[Provided material]
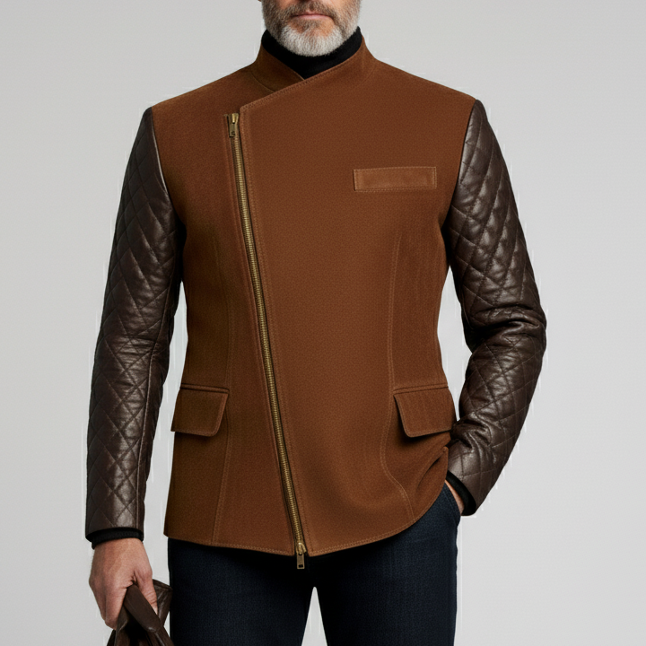 Men's Brown Suede Patchwork Quilted PU Leather Long Sleeve Stand Collar Asymmetrical Zipper Jacket
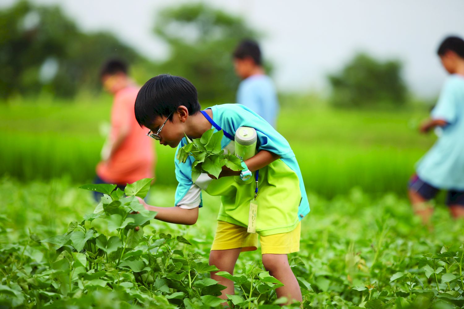耕讀農場裡,孩子親手栽種 向日葵、採摘地瓜葉,體會 汗滴禾下土的成就和艱辛。 (福智文教基金會提供)
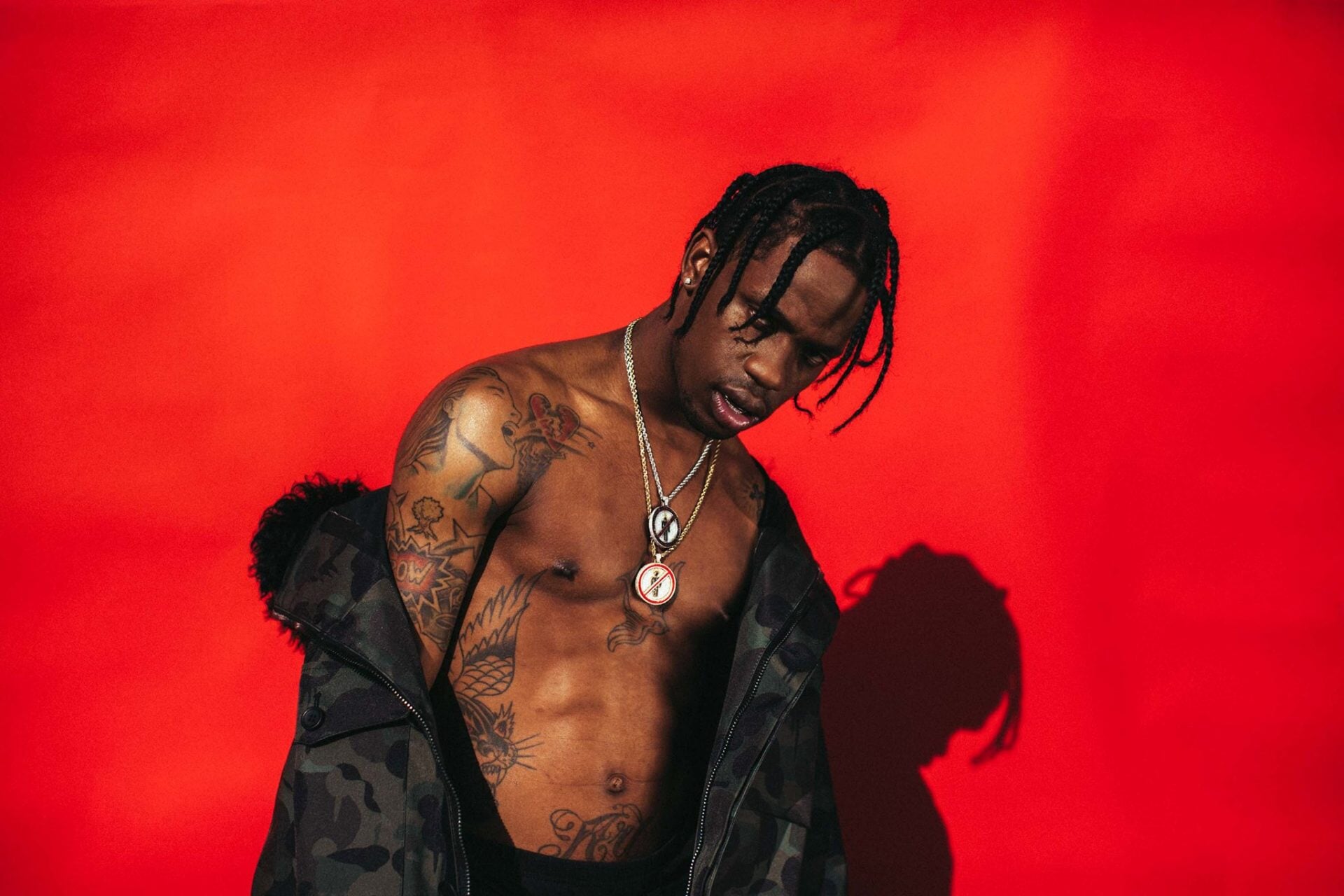 Трэвис Скотт – 27-летний трэп-исполнитель и продюсер из Хьюстона. Уже первый альбом Rodeo, выпущенный в 2015-м, стал платиновым. Трэвис сколлабился с десятком музыкальных мегазвезд, включая Канье Уэста, Джастина Бибера, The Weeknd и Кендрика Ламара. С последним Трэвис особенно близок: Ламар исполнил один из куплетов в треке Goosebumps и пригласил Трэвиса на свой летний тур в 2017-м.

[Task to complete] Leave the pictures out, and copy exactly each line from the one containing "耕讀農場裡,孩子親手栽種 向日葵、採摘地瓜葉,體會 汗滴禾下土的成就和艱辛。" through the final line of the data.

[Answer]
耕讀農場裡,孩子親手栽種 向日葵、採摘地瓜葉,體會 汗滴禾下土的成就和艱辛。 (福智文教基金會提供)
 Трэвис Скотт – 27-летний трэп-исполнитель и продюсер из Хьюстона. Уже первый альбом Rodeo, выпущенный в 2015-м, стал платиновым. Трэвис сколлабился с десятком музыкальных мегазвезд, включая Канье Уэста, Джастина Бибера, The Weeknd и Кендрика Ламара. С последним Трэвис особенно близок: Ламар исполнил один из куплетов в треке Goosebumps и пригласил Трэвиса на свой летний тур в 2017-м.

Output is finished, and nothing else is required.